From: Paul Mundt <lethal@linux-sh.org>
To: Nish Aravamudan <nish.aravamudan@gmail.com>
Cc: Lee Schermerhorn <Lee.Schermerhorn@hp.com>,
Paul Jackson <pj@sgi.com>, Adam Litke <agl@us.ibm.com>,
linux-mm@kvack.org, mel@skynet.ie, apw@shadowen.org,
wli@holomorphy.com, clameter@sgi.com, kenchen@google.com
Subject: Re: [PATCH 5/5] [hugetlb] Try to grow pool for MAP_SHARED mappings
Date: Sun, 22 Jul 2007 01:57:55 +0900 [thread overview]
Message-ID: <20070721165755.GB4043@linux-sh.org> (raw)

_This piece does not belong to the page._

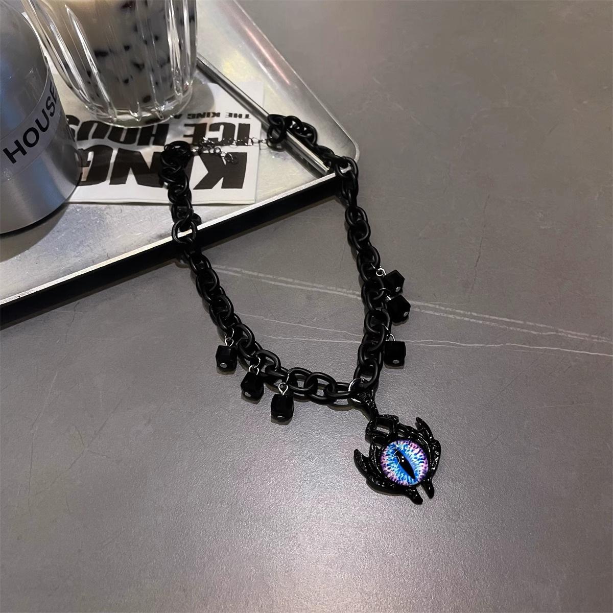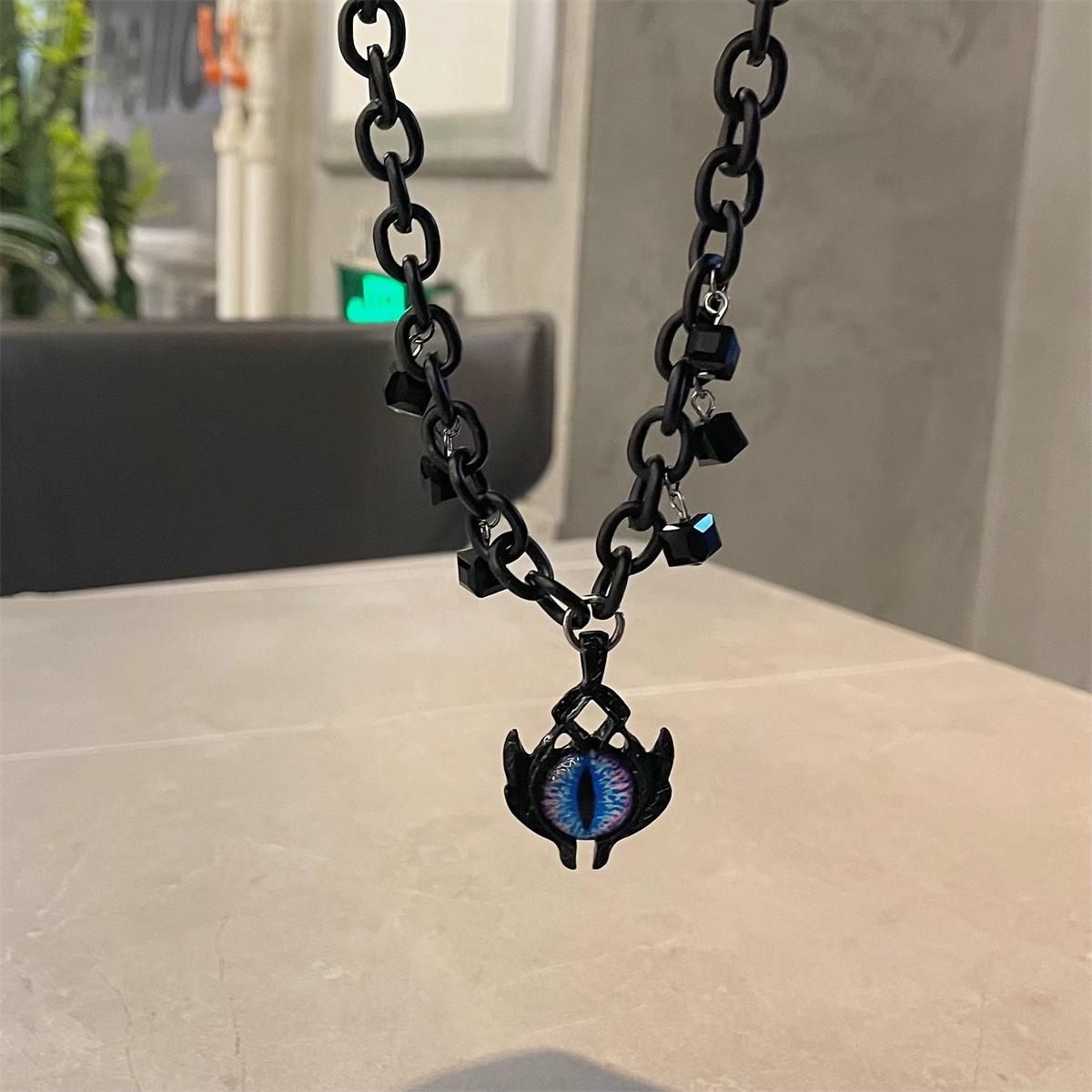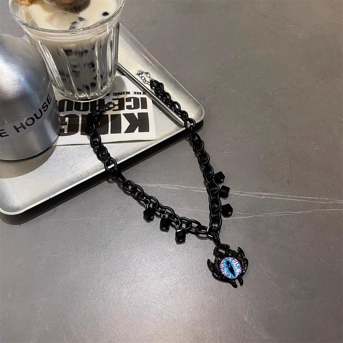 Collar con costuras de nicho de estilo oscuro con ojo de demonio de la industria pesada, cadena de clavícula de hip hop, collar masculino, diseño femenino para pareja

In-Reply-To: <29495f1d0707201335u5fbc9565o2a53a18e45d8b28@mail.gmail.com>
On Fri, Jul 20, 2007 at 01:35:52PM -0700, Nish Aravamudan wrote:
> On 7/18/07, Paul Mundt <lethal@linux-sh.org> wrote:
> >On Wed, Jul 18, 2007 at 12:02:03PM -0400, Lee Schermerhorn wrote:
> >> On Wed, 2007-07-18 at 08:17 -0700, Nish Aravamudan wrote:
> >> > On 7/18/07, Lee Schermerhorn <Lee.Schermerhorn@hp.com> wrote:
> >> > > I have always considered the huge page pool, as populated by
> >> > > alloc_fresh_huge_page() in response to changes in nr_hugepages, to
> >be a
> >> > > system global resource. I think the system "does the right
> >> > > thing"--well, almost--with Christoph's memoryless patches and your
> >> > > hugetlb patches. Certaintly, the huge pages allocated at boot time,
> >> > > based on the command line parameter, are system-wide. cpusets have
> >not
> >> > > been set up at that time.
> >> >
> >> > I fully agree that hugepages are a global resource.
> >> >
> >> > > It requires privilege to write to the nr_hugepages sysctl, so
> >allowing
> >> > > it to spread pages across all available nodes [with memory],
> >regardless
> >> > > of cpusets, makes sense to me. Altho' I don't expect many folks are
> >> > > currently changing nr_hugepages from within a constrained cpuset, I
> >> > > wouldn't want to see us change existing behavior, in this respect.
> >Your
> >> > > per node attributes will provide the mechanism to allocate different
> >> > > numbers of hugepages for, e.g., nodes in cpusets that have
> >applications
> >> > > that need them.
> >> >
> >> > The issue is that with Adam's patches, the hugepage pool will grow on
> >> > demand, presuming the process owner's mlock limit is sufficiently
> >> > high. If said process were running within a constrained cpuset, it
> >> > seems slightly out-of-whack to allow it grow the pool on other nodes
> >> > to satisfy the demand.
> >>
> >> Ah, I see. In that case, it might make sense to grow just for the
> >> cpuset. A couple of things come to mind tho':
> >>
> >> 1) we might want a per cpuset control to enable/disable hugetlb pool
> >> growth on demand, or to limit the max size of the pool--especially if
> >> the memories are not exclusively owned by the cpuset. Otherwise,
> >> non-privileged processes could grow the hugetlb pool in memories shared
> >> with other cpusets [maybe the root cpuset?], thereby reducing the amount
> >> of normal, managed pages available to the other cpusets. Probably want
> >> such a control in the absense of cpusets as well, if on-demand hugetlb
> >> pool growth is implemented.
> >>
> >I don't see that the two are mutually exclusive. Hugetlb pools have to be
> >node-local anyways due to the varying distances, so perhaps the global
> >resource thing is the wrong way to approach it. There are already hooks
> >for spreading slab and page cache pages in cpusets, perhaps it makes
> >sense to add a hugepage spread variant to balance across the constrained
> >set?
>
> I'm not sure I understand why you say "hugetlb pools"? There is no
> plural in the kernel, there is only the global pool. Now, on NUMA
> machines, yes, the pool is spread across nodes, but, well, that's just
> because of where the memory is. We already spread out the allocation
> of hugepages across all NUMA nodes (or will, once my patches go in).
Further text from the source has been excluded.